A novel aluminosilicate geopolymer material with low dielectric loss

Geopolymers are generally formed by chemosynthetic aluminosilicate powders with an alkaline silicate solution under approximately ambient conditions. Free Na, water molecules, and hydroxyl ions are the major components determining the dielectric loss in these alkaline geopolymer materials at various radio frequencies. Therefore, it is difficult to decrease the dielectric losses resulting from ion transfer. Previously, we prepared a novel geopolymer material from chemosynthetic Al2O3–2SiO2 powders and phosphoric acid. In comparing phosphate geopolymers with alkaline geopolymers, it can be shown that the dielectric loss of the 2.4H3PO4–Al2O3–2SiO2 geopolymer resulting from ion transfer is reduced due to the lack of free alkali cations (such as Na+ or K+) within these polymers. Therefore, by also decreasing or eliminating the water within the phosphate-based geopolymers through heat treatment, the order of magnitude of its dielectric loss can be reduced from 10−2 to 10−3.
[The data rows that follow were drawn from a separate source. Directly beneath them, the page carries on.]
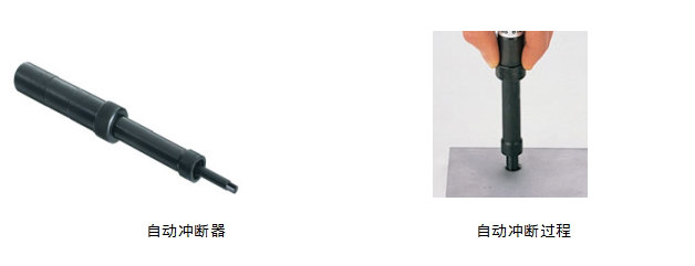 當鋼絲螺套安裝完成時,將自動沖斷器沖頭端插入已裝有鋼絲螺套的內(nèi)螺紋孔中,用手握住自動沖斷器的施力部分,向下施加軸向力,當聽到“咔嚓”的聲音時,表示鋼絲螺套的安裝柄已被沖斷,見下圖。
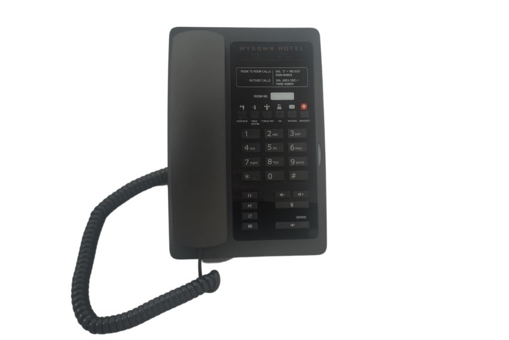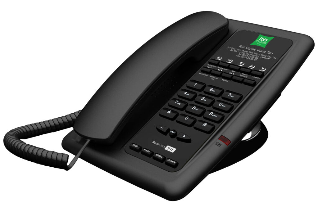 The Vivo Nordic hotel phone from Hotel Technology International, available in black with silver trimmings, is an elegantly designed, small footprint hotel telephone. As well as it’s scandi style visual appeal, this phone comes with 6 guest service key and redial and flash keys. The Vivo Nordic hotel phone is ideal for hotels looking for a more stylish hotel guest room telephone. This is an analogue small footprint hotel guestroom phone with single line, 6 GSK, Redial, Volume, Speaker.
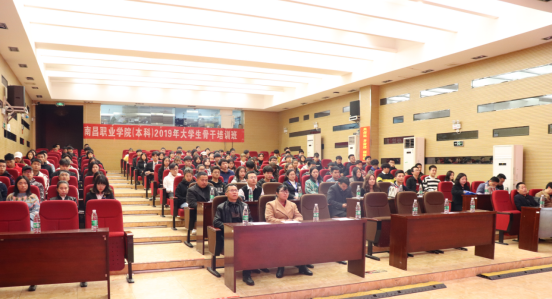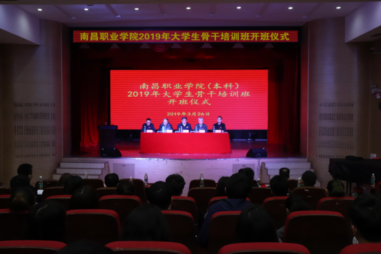 本网讯 党委宣传部赵莉 报道 3月26日下午,南昌职业学院(本科)第二期大学生骨干培训班开班仪式在音乐报告厅举行。学院党委副书记、院长周金堂教授,学院党委副书记、纪委书记彭祖雄应邀出席,学工处、团委负责人,各系团总支书记及学工干事,与此次参加培训的110位大骨班学员一同参加了开班仪式。仪式由学院副院长杨永东主持。
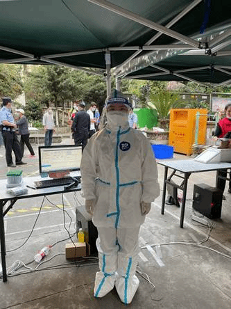 第二天,天还没亮,老爸就送我到达此次的志愿服务地点小西门社区。当工作人员进行工作分配时,介绍道:“信息录入需要4名志愿者和4名工作人员,2人一组搭配着,要用到电脑……”我想正好能发挥所长,于是踊跃提出参与此项工作。此外,还有维持秩序等岗位的志愿者。随后,我们又被告知,信息录入岗位的志愿者和工作人员们都需要穿防护服。能成为“大白”让我既兴奋又紧张,同时也给我带来了一些不便,如不能上厕所和喝水,但是这些不便都被我一一克服,忍一忍也就过去了。穿、脱防护服都有规定的顺序,同时在整个过程中注意消杀,多次使用酒精消毒。
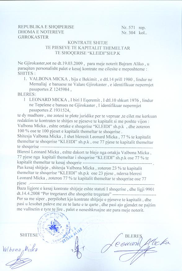 → Ekstrakt historik i regjistrit tregtar date 02.12.2021 → Urdher per heqjen e sekuestros administrative (2013) → Kontrate shitje e pjeseve te kapitalit themeltar (2009) → Ekstrakt Historik i Regjistrit Tregtar date 13.06.2025 |
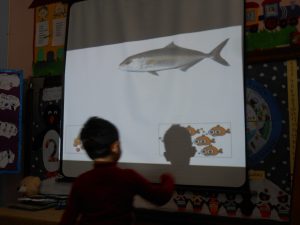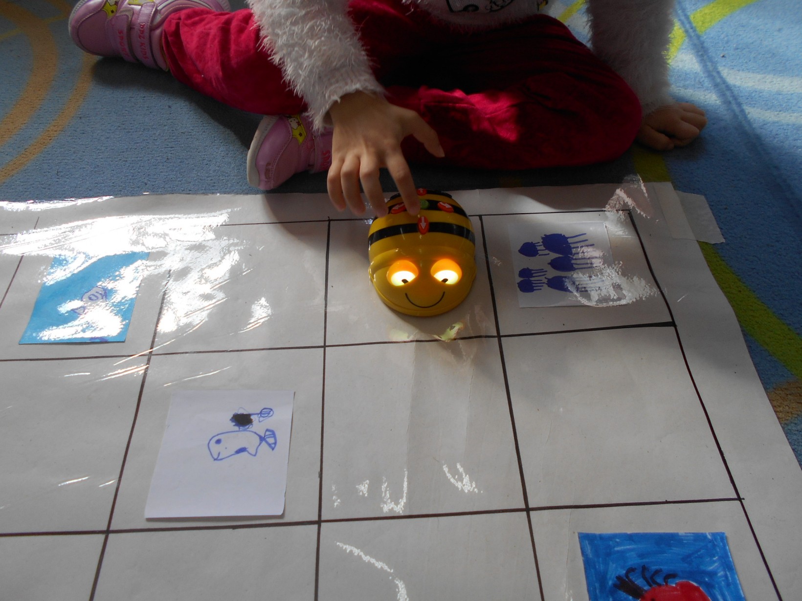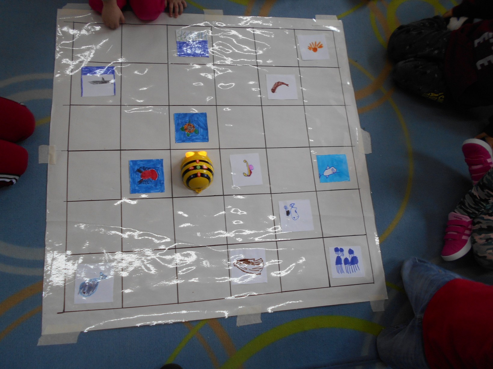 Στη συνέχεια ζωγράφισαν τα πλάσματα της θάλασσας και οι ζωγραφιές τους τοποθετήθηκαν στο πλέγμα της BeeBot. Ένα ένα με τη σειρά προγραμμάτισαν τη μελισσούλα να περάσει από το θαλάσσιο οργανισμό της αρεσκείας του.
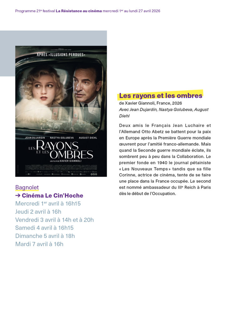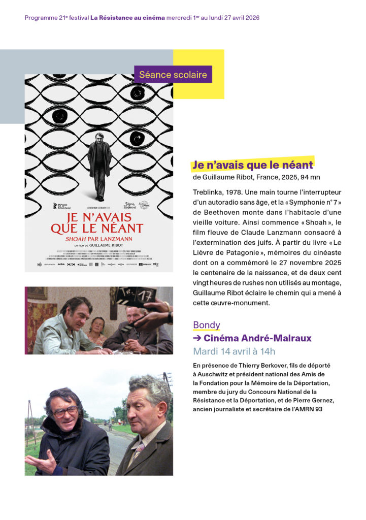 Ami.e, entends-tu ? Prochain festival la Résistance au cinéma à l’automne pour les scolaires… en dépit de la disparition du Pass culture pourtant si pratique pour transmettre la mémoire… celle de la Résistance au nazisme et au régime de Vichy, mémoire des camps nazis aussi
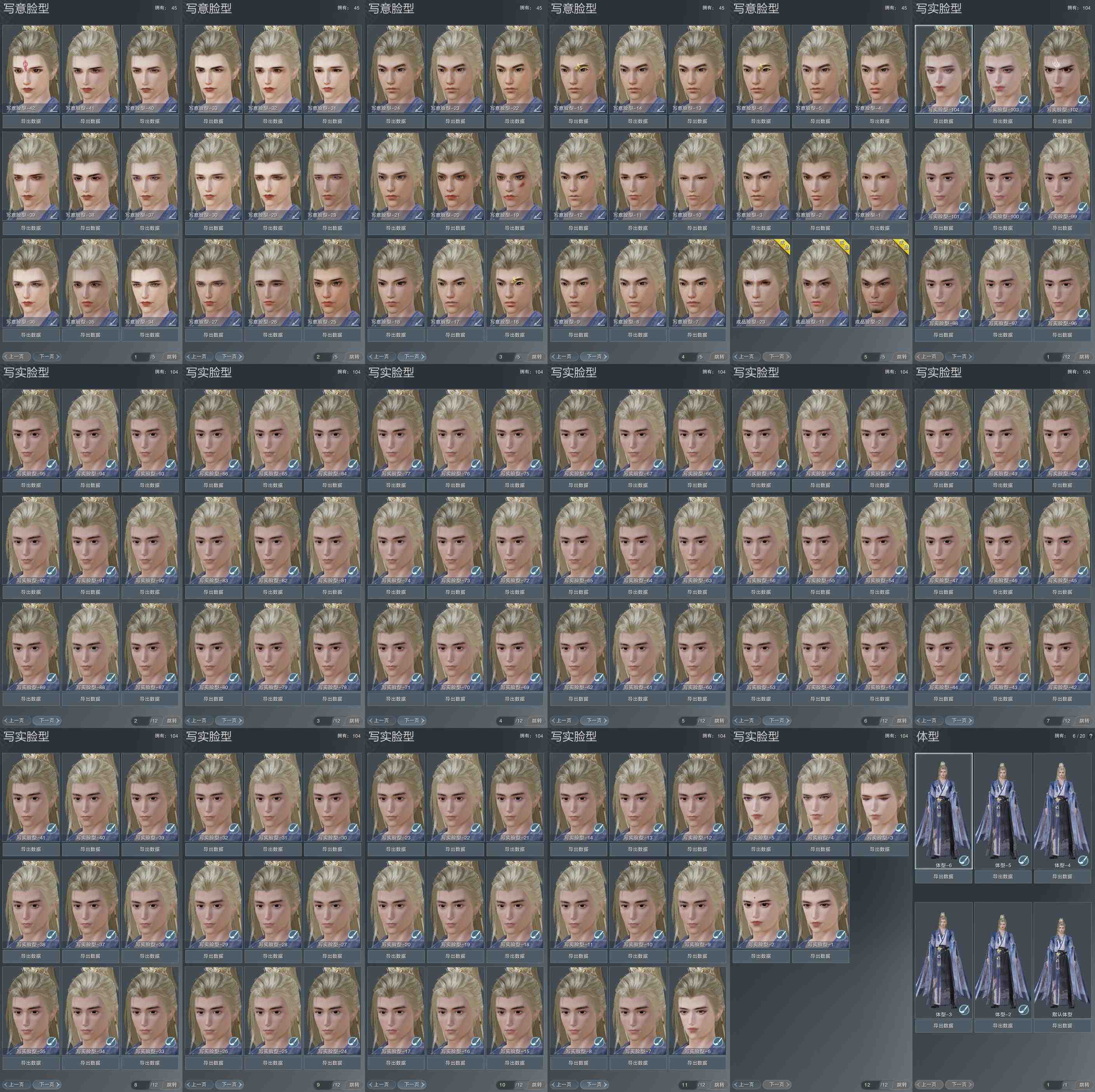 【捏脸】写意脸型45个,写实脸型104个,体型6个
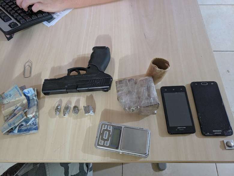 Consta ainda no Boletim de Ocorrência que Wiclas tentou se desfazer de um simulacro de arma de fogo, objeto utilizado em assaltos. Apesar disso, foram encontrados dois celulares e certa quantia em dinheiro com Thiago. Os dois jovens têm passagem por tráfico e, quando questionados, informaram que teriam mais uma quantidade do entorpecente enterrado no quintal de casa.
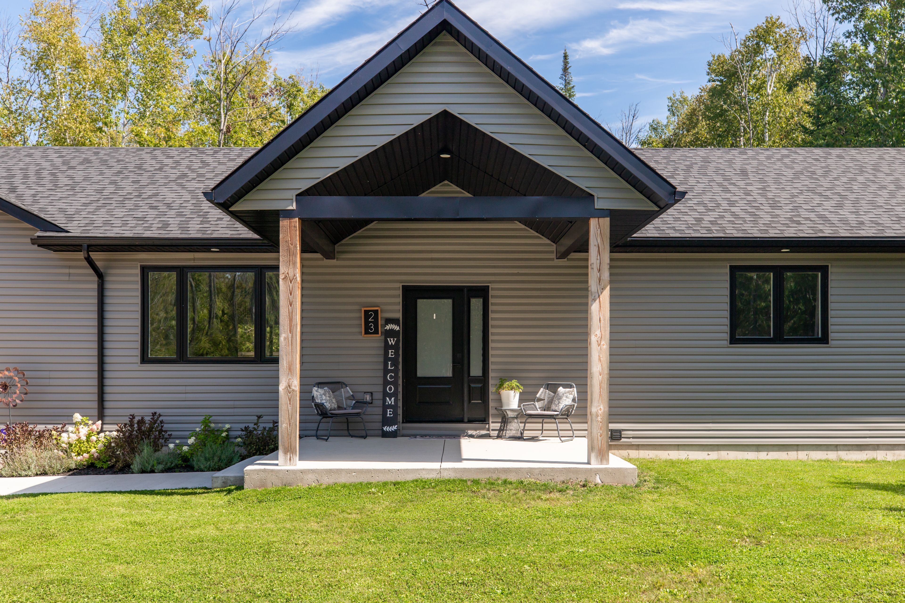 Welcome to 23 hemlock road in beautiful oliphant. This stylish, move-in-ready bungalow perfectly blends modern comfort, thoughtful upgrades, and easy one-level living in one of the area's most desirable communities. Built in 2023, this 3-bedroom, 2-bath home offers approximately 1,500 sq ft of bright, open-concept living space designed for both everyday comfort and effortless entertaining. The spacious kitchen is the heart of the home, featuring new appliances, a modern style, and a functional layout that flows seamlessly into the dining and living areas. Cathedral ceilings, large windows and clean, contemporary finishes create a warm, airy feel throughout. The private primary suite includes a beautiful ensuite bath, while two additional bedrooms and a second full bath provide flexibility for family, guests, or a home office. This home has been further enhanced with central air, a top of the line, whole house water purification system, custom closet shelving, and completed landscaping, making it feel even more polished and turnkey. Outside, the curb appeal is undeniable with modern exterior styling, a covered front porch, attached 2-car garage, and a covered back deck overlooking the treed lot. Located in the sought after lakeside community of oliphant, just minutes to the shores of lake huron, this is an exceptional opportunity to enjoy newer construction, bungalow living, and a peaceful lifestyle in a truly special setting

• This paper presents a novel material that is fabricated by chemosynthetic Al2O3–2SiO2 powders and phosphoric acid at room temperature, which can be applied in high-temperature packaging or encapsulating materials. The results showed the dielectric loss of the 2.4H3PO4–Al2O3–2SiO2 geopolymer that is lower than alkali-activated geopolymer materials. By decreasing or eliminating the water within the phosphate-based geopolymers through heat treatment, the orders of magnitude of its dielectric loss must be reduced from 10−2 to 10−3.